Alors que Duke Ellington commence sa version par le chorus, où le trompettiste fait chanter son instrument avec une sourdine comme une bouche qui parle, l’original, quant à lui, débute par des cris adressés à Chloé. Cette introduction dessine aussitôt une scène : dans l’obscurité naissante, quelqu’un appelle une personne disparue. Puis s’installe un groove lent, et celui qui chante déclare être prêt à s’élancer dans la nuit, à travers un marécage en flammes, à la recherche de l’être aimé. Reste en suspens la question suivante : Chloé a-t-elle disparu de son plein gré, ou s’est-elle perdue dans les marais ? Peut-être a-t-elle été enlevée et réduite à l’esclavage (« No chains can bind you »). Enfin, est-elle réelle ou n’est-elle qu’un simple fantôme dans l’obscurité (« If you live, I’ll find you ») ?

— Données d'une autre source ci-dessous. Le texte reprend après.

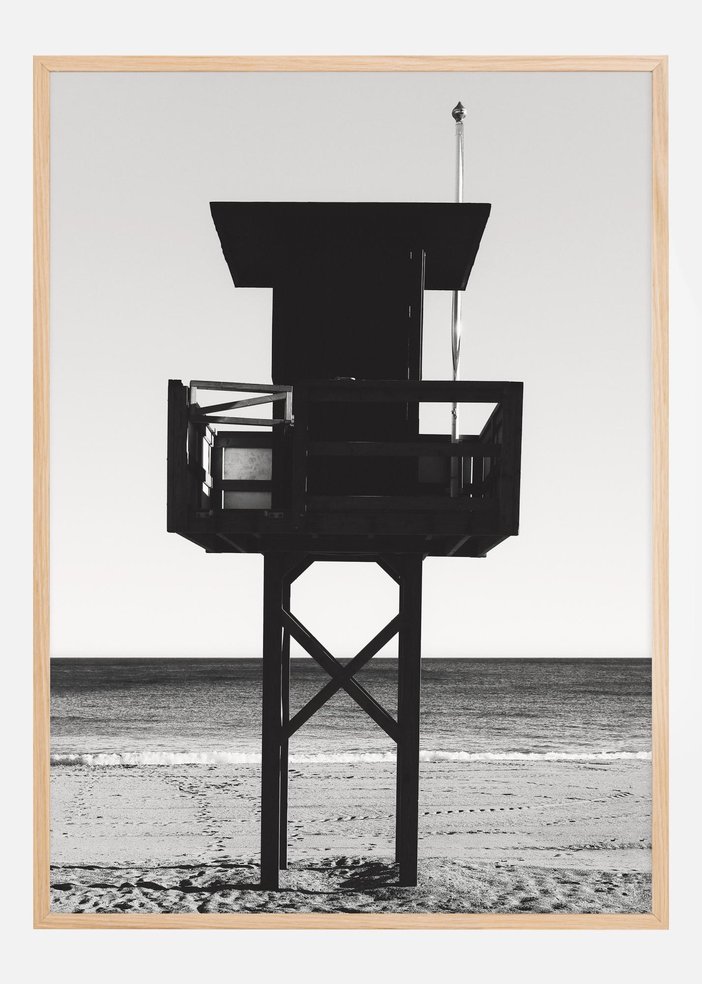 Ce poster monochrome présente une silhouette emblématique d'une tour de surveillance de plage contre un ciel clair et une mer calme. Le fort contraste entre la tour de surveillance sombre et les tons clairs du sable et du ciel confère à l'image une qualité graphique qui est à la fois frappante et contemporaine. L'image, prise à hauteur des yeux, crée un sentiment de présence et de calme, comme si l'on se tenait directement sur la plage en regardant l'océan vaste.
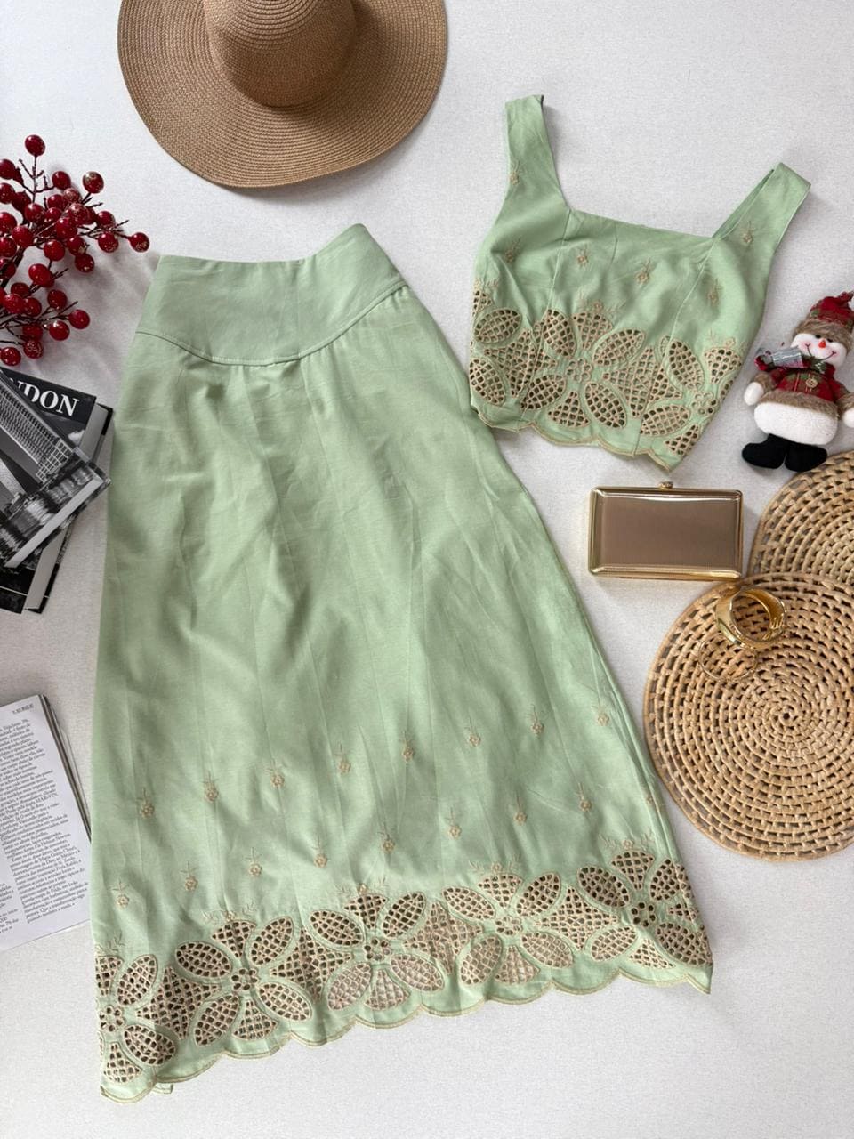 Saia: cintura 30 cm, quadril 50 cm , comprimento 100 cm
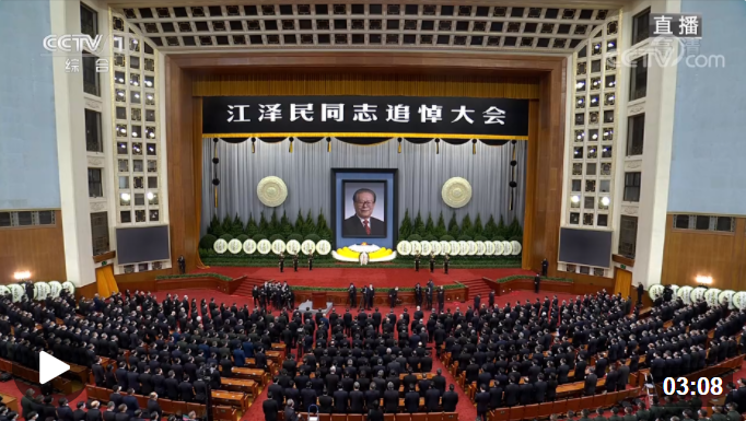 12月6日上午10时,党中央、全国人大常委会、国务院、全国政协、中央军委在北京人民大会堂隆重举行江泽民同志追悼大会。
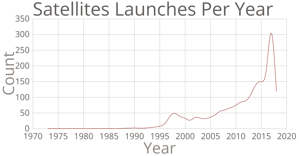This line chart the total number of satellites launched per year
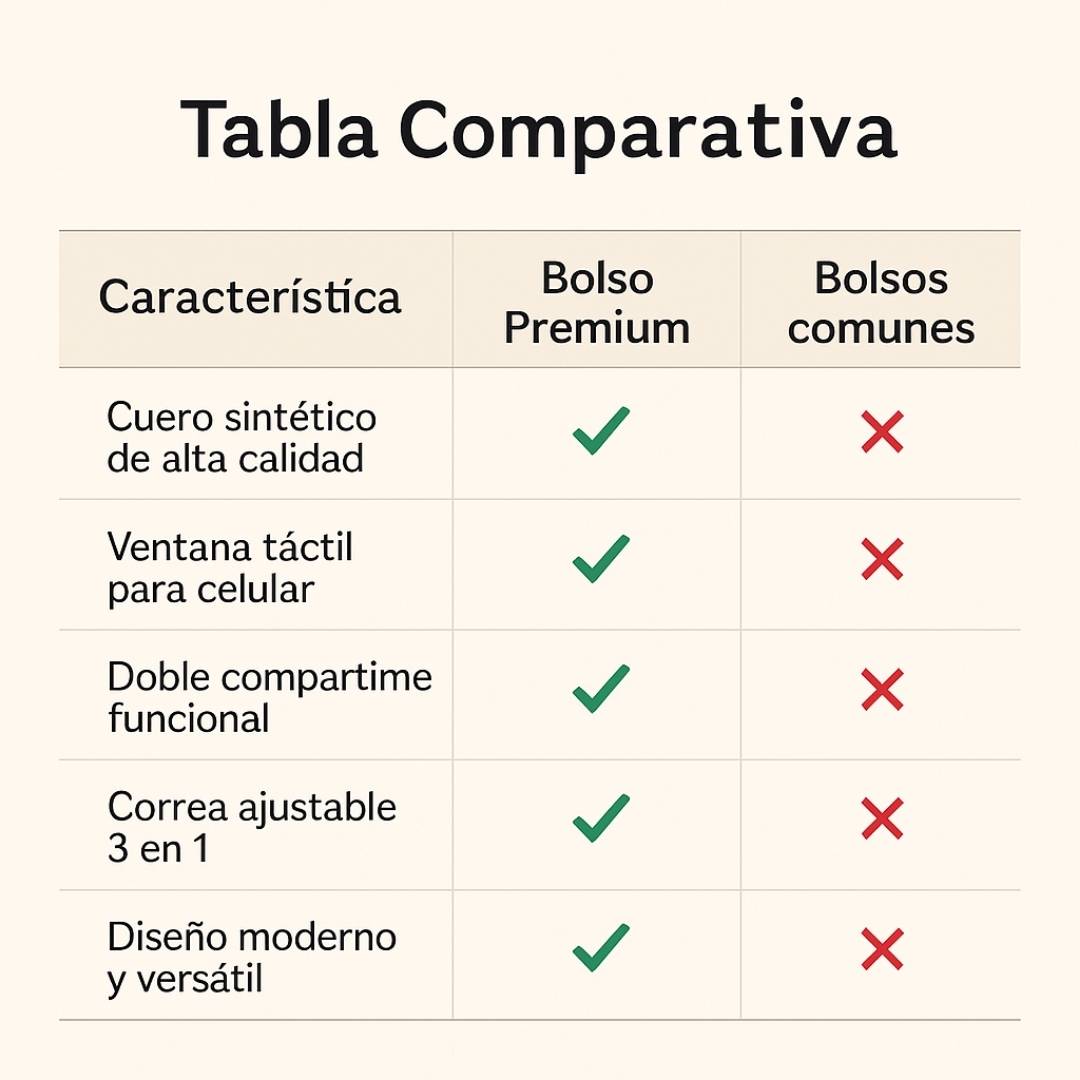 Este bolso combina estilo, organización y comodidad, haciéndote sentir más ligera, segura y elegante en cualquier ocasión.

Empreinte de mélancolie, cette Song of the Swamp (Chanson du marais) – c’est son sous-titre – raconte une disparition brutale. Ce qui peut surprendre, car elle faisait partie à l’origine du répertoire d’une comédie de Broadway fortement marquée par la tradition des minstrel shows – une forme de divertissement où les personnages noirs étaient souvent interprétés par des Blancs grimés en Noirs. Pourtant, dès sa sortie, Chloé s’est détachée de ce contexte. Des artistes noirs se la sont appropriée à leur tour et l’ont transformée, passant d’un numéro de scène pathétique à un vrai blues. En quelques années, Chloé devient un standard du jazz, que certains orchestres proposent dans des versions instrumentales, tandis que d’autres formations le réinterprètent avec chant. Des noms comme le Tracy-Brown Orchestra of Chicago, le Paul Whiteman Concert Orchestra et The Gotham Troubadours devaient résonner comme de véritables paradis musicaux en Boris Vian, passionné de jazz depuis sa jeunesse. Jazz qui fut pour lui, selon Gilbert Pestureau, préfacier de ses œuvres complètes, « l’oxygène et le sang ».
Que Vian ait connu le solo de piano d’Art Tatum (1928) ou la version de Benny Goodman (1937), qui fait swinguer toute noirceur hors champ, reste incertain. Ce qui est sûr, c’est que l’interprétation de Louis Armstrong (chant et trompette) n’a vu le jour que plusieurs années après L’Écume des jours. Qu’importe : depuis qu’il était tombé amoureux de sa musique lors d’un concert au Palais de Chaillot en 1939, c’est Duke Ellington qui comptait le plus à ses yeux – ce grand maître du raffinement sonore qui faisait évoluer harmonie et couleur dans l’univers du big band.
Revenons à la scène de la rencontre entre Colin et Chloé. L’amour naît-il d’un morceau de musique, ou la jeune femme devient-elle le produit d’une imagination sonore, projetée par un désir masculin ? Le fait même que, dès le départ, des chanteuses comme Eva Taylor et Bessie Brown aient elles aussi interprété Chloé brouille d’emblée la répartition des rôles entre « l’aimant » et « l’aimé·e ». C’est sans doute dans cette ambiguïté que réside une part de ce qui fascine encore – quand une voix, un thème ou un solo de saxophone ténor fait résonner quelque chose de profondément intime.